Declawing is NOT Just Nail Trimming

Close-up Photo of Cat's Claws
Photo Credit: © iStock Photos - Melinda Fawver
Nor is declawing only the removal of a portion of a claw. Instead, it is the surgical amputation of the first joint of the cat's toes. Whether this procedure is accomplished with a scalpel, a guillotine-type cutter or a laser, it is major surgery, and not to be undertaken lightly.

Declawing Does Nothing to Benefit the Cat

You will sometimes hear the disclaimer, "It's better than putting him to sleep." This is a fallacious argument, and usually offered only to soothe the owner's conscience. Only the cat's owner can make the decision to kill her cat because of scratching problems. He or she can also make the decision to let him keep his toes. Unlike neutering, which does benefit the cat, both healthwise and behavioralwise, declawing simply does nothing positive for the cat.

Declawing Robs a Cat of His Chief Weapon of Defense

A typical counter-argument is, "My cat is indoors-only." Even indoor cats sometimes manage to escape. A declawed cat does not stand a chance against a large dog, a bigger cat, or a predator. Although he still has teeth, by the time he gets in close enough to bite, it may be too late.

Declawing is Painful Surgery

Think of it as 10 amputations (if only the front feet are declawed). Pain meds may help initially, but phantom pain may last for weeks or months, as nerve endings heal. Dr. Nicholas Dodman describes the pain following surgery: "Unlike routine recoveries, including recovery from neutering surgeries, which are fairly peaceful, declawing surgery results in cats bouncing off the walls of the recovery cage because of excruciating pain."

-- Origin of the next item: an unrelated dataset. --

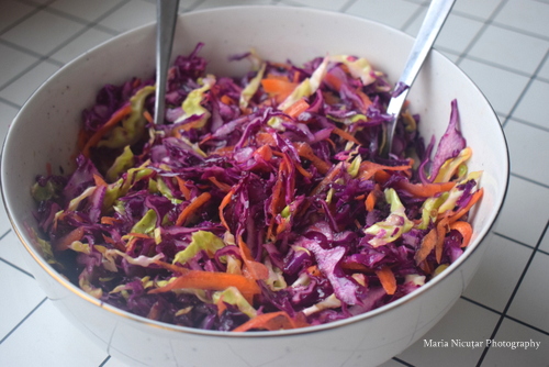 Tocam marunt varza alba, varza rosie, morcov. Amestecam toate legumele intr-un bol incapator si stropim cu ulei de masline, otet, sare si piper. Este una dintre cele mai bune salate de slabit pentru mine.

Declawing May Lead to Litter Box Problems

Declawed cats often associate the pain when digging in litter with the litter box itself, and will avoid it, choosing softer carpeting instead.

Declawing Sometimes Leads to Biting Problems

When cats lose their ability to give a quick warning scratch, they will often resort to their second line of defense: a good, hard bite. The cat's owner may sometimes find himself the victim, just when he thinks his cat is enjoying a petting session.

Cats Need the Exercise Their Claws and Toes Provide

Watch a cat stretch, whether horizontally on a carpet or vertically with a tall scratching post. He will grab the carpet or sisal with his claws, using the resistance to pull and stretch his muscles. Cats' claws actually play a large and positive role in their amazing muscle tone and agility.

Altered Gait May Lead to Later Joint Problems

Domestic cats are digitigrade, meaning they walk on their toes. Walking with an altered gait because of the lack of the first digit of the toes can affect all the joints of the leg, resulting later in arthritis of the hip and other joints. Jean Hofve, DVM describes this joint deterioration more fully, in her article, "A Rational Look at Declawing."

Cats Need to Be Cats for Their Entire "Nine Lives"

Honestly, if a cat could speak human language, do you really think, given a choice, he'd say, "Sure thing. Cut off part of my toes?" His claws and toes are an integral part of making a cat a cat. Would you honestly want him to be anything less, especially since there are humane alternatives? It's your decision, but please take your cat's needs into serious consideration before making such a drastic and permanent choice.